The state showed no income for Smith this year. Her largest earning total in the past four years was $8,722 in 2012.

But Smith apparently had food for her children. She showed a police officer “a large container of formula,” and she said the twins are constantly eating, according to the criminal complaint.

Smith told officers the twins consumed 7 to 8 ounces of formula six to eight times a day, and she had started feeding them vanilla yogurt and baby cereal, the complaint states.

Smith was pretty much alone in caring for her three children. When asked who helps her, she said her mother stops by periodically, “however mom uses oxygen and has had more medical issues recently,” the complaint states.

Smith told officers her father gives her money for rent.

The Gazette asked Rock County Human Services Director Charmian Klyve whether Smith had received any assistance, but Klyve said medical-confidentiality law forbids the release of any information.

Smith told a detective the twins were born at St. Mary's Hospital in Madison, five weeks prematurely. Each weighed about 5 pounds at birth.

She said one spent 13 days in the hospital, the other 20 days.

Smith told officers the twins weighed about 5 pounds each at birth. She said she took them to their eight-week checkup at Beloit Clinic, and they were fine, if somewhat underweight, according to the complaint.
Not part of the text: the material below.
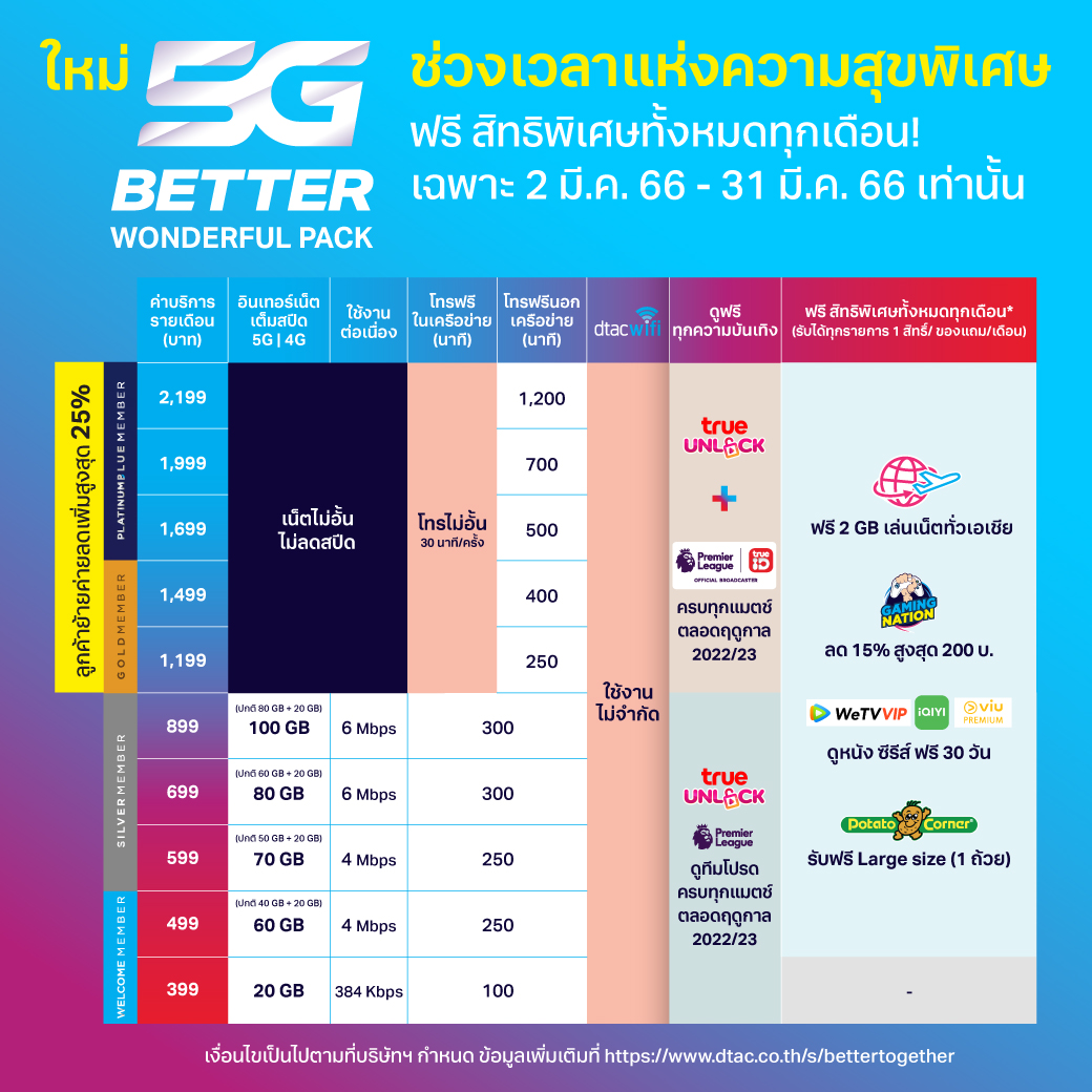 - ดีแทคแนะนำ แพ็กเกจใหม่ dtac 5G Better Wonderful Pack ผนึกกำลังทรู จัดเต็มแพ็กเกจดีสุด คุ้มสุด ให้มากกว่า พิเศษเฉพาะลูกค้าใหม่ทั้งแบบเติมเงินและรายเดือน สมัครได้ตั้งแต่วันนี้ ถึง 31 มี.ค นี้ เท่านั้น

She told officers she believes the father took the twins to their six-month checkup, but she did not know details about that.

Police could not find records at Beloit Clinic other than the eight-week checkup.

“The defendant stated that the twins do eat very well, and she is under the assumption that they are small and underweight because of the fact that they were premature and had so much difficulty prior to birth,” the complaint states.

But the twins had gained almost no weight seven months after their eight-week checkup, the complaint states.

American Family Children's Hospital in Madison told police the twins were diagnosed as having “non-organic failure to thrive due to environmental and medical neglect.”

Notes from the hospital to police said the twins' lack of weight gain is consistent with “chronic, severe malnutrition. …

“It is clear that a reasonable care-giver would be able to note that the child did not appear developmentally appropriate for her age and that the fact that no medical attention was sought is consistent with a diagnosis of medical neglect,” the complaint states.

The twins gained weight quickly under medical care and were healthy enough to be released from the hospital about a month after they were discovered in their Janesville home, the complaint states.

Online postings show members of the Mom to Mom group were divided in the days after the story broke.

Some said Smith deserves no mercy.

Others wondered what unknown details might have caused the tragedy.

“As a foster parent, this situation is more common than we all think. … Many times parents are overwhelmed and have so many other struggles (mental illness, drug/alcohol abuse, etc.),” another Mom to Mom member wrote.

Several members said the father, who alerted police to the situation July 10, bears some responsibility.

“There has to be something going on there. No one in their right mind is going to do that,” Ranum said.